─── Data

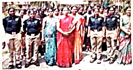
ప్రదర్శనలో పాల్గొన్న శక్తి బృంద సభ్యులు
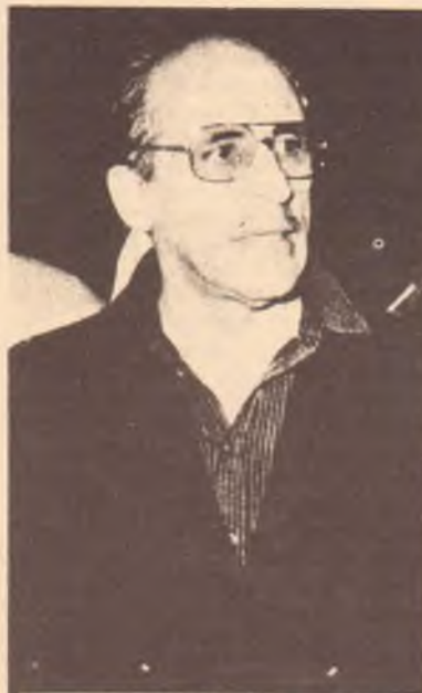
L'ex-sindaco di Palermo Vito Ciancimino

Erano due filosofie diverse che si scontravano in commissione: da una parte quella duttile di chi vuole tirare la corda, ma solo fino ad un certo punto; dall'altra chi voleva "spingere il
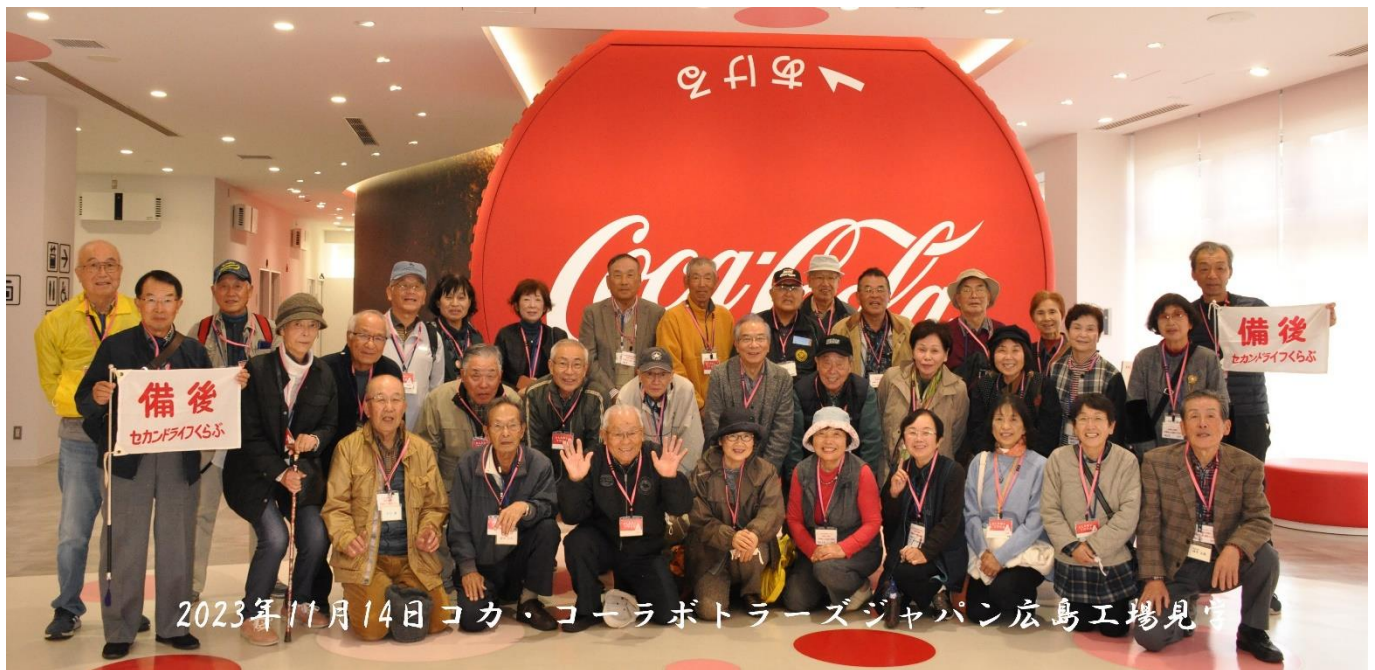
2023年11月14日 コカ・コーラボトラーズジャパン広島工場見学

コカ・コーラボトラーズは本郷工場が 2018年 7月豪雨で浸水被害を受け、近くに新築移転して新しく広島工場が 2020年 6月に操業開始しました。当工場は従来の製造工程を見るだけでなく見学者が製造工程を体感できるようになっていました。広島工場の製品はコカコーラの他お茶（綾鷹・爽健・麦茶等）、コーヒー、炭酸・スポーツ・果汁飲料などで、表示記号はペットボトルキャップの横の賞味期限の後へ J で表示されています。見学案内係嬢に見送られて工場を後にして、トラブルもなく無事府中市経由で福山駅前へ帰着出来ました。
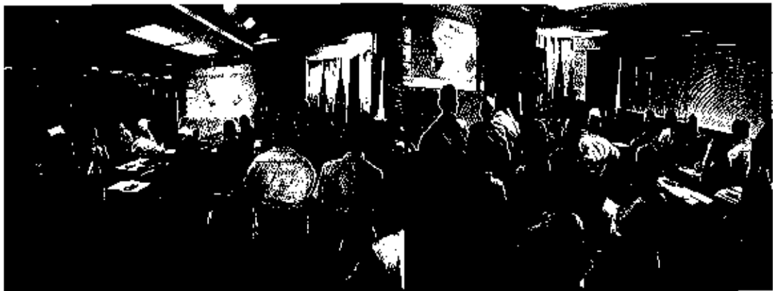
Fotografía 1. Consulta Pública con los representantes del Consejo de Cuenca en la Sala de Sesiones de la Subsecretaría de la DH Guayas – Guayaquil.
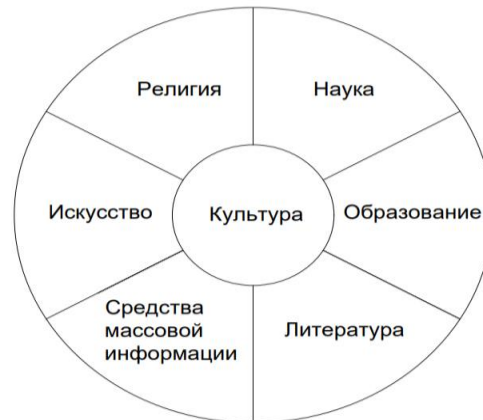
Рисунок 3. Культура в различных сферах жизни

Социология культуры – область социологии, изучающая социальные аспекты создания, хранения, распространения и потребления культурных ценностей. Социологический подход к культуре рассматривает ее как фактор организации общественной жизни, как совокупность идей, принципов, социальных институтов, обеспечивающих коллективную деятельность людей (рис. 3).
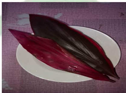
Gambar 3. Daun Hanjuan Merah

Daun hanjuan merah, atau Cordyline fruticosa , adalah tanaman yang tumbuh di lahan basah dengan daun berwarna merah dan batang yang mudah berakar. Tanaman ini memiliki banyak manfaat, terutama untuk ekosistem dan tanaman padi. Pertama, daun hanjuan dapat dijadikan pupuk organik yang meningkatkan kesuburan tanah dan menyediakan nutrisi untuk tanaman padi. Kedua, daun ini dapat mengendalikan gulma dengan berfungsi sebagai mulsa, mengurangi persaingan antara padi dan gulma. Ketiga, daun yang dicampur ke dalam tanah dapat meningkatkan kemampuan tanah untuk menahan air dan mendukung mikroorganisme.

──────

Task objective. The records are to be retyped in full and exactly, with no image carried over.

Response below.
ప్రదర్శనలో పాల్గొన్న శక్తి బృంద సభ్యులు
L'ex-sindaco di Palermo Vito Ciancimino

Erano due filosofie diverse che si scontravano in commissione: da una parte quella duttile di chi vuole tirare la corda, ma solo fino ad un certo punto; dall'altra chi voleva "spingere il
2023年11月14日 コカ・コーラボトラーズジャパン広島工場見学

コカ・コーラボトラーズは本郷工場が 2018年 7月豪雨で浸水被害を受け、近くに新築移転して新しく広島工場が 2020年 6月に操業開始しました。当工場は従来の製造工程を見るだけでなく見学者が製造工程を体感できるようになっていました。広島工場の製品はコカコーラの他お茶（綾鷹・爽健・麦茶等）、コーヒー、炭酸・スポーツ・果汁飲料などで、表示記号はペットボトルキャップの横の賞味期限の後へ J で表示されています。見学案内係嬢に見送られて工場を後にして、トラブルもなく無事府中市経由で福山駅前へ帰着出来ました。
Fotografía 1. Consulta Pública con los representantes del Consejo de Cuenca en la Sala de Sesiones de la Subsecretaría de la DH Guayas – Guayaquil.
Рисунок 3. Культура в различных сферах жизни

Социология культуры – область социологии, изучающая социальные аспекты создания, хранения, распространения и потребления культурных ценностей. Социологический подход к культуре рассматривает ее как фактор организации общественной жизни, как совокупность идей, принципов, социальных институтов, обеспечивающих коллективную деятельность людей (рис. 3).
Gambar 3. Daun Hanjuan Merah

Daun hanjuan merah, atau Cordyline fruticosa , adalah tanaman yang tumbuh di lahan basah dengan daun berwarna merah dan batang yang mudah berakar. Tanaman ini memiliki banyak manfaat, terutama untuk ekosistem dan tanaman padi. Pertama, daun hanjuan dapat dijadikan pupuk organik yang meningkatkan kesuburan tanah dan menyediakan nutrisi untuk tanaman padi. Kedua, daun ini dapat mengendalikan gulma dengan berfungsi sebagai mulsa, mengurangi persaingan antara padi dan gulma. Ketiga, daun yang dicampur ke dalam tanah dapat meningkatkan kemampuan tanah untuk menahan air dan mendukung mikroorganisme.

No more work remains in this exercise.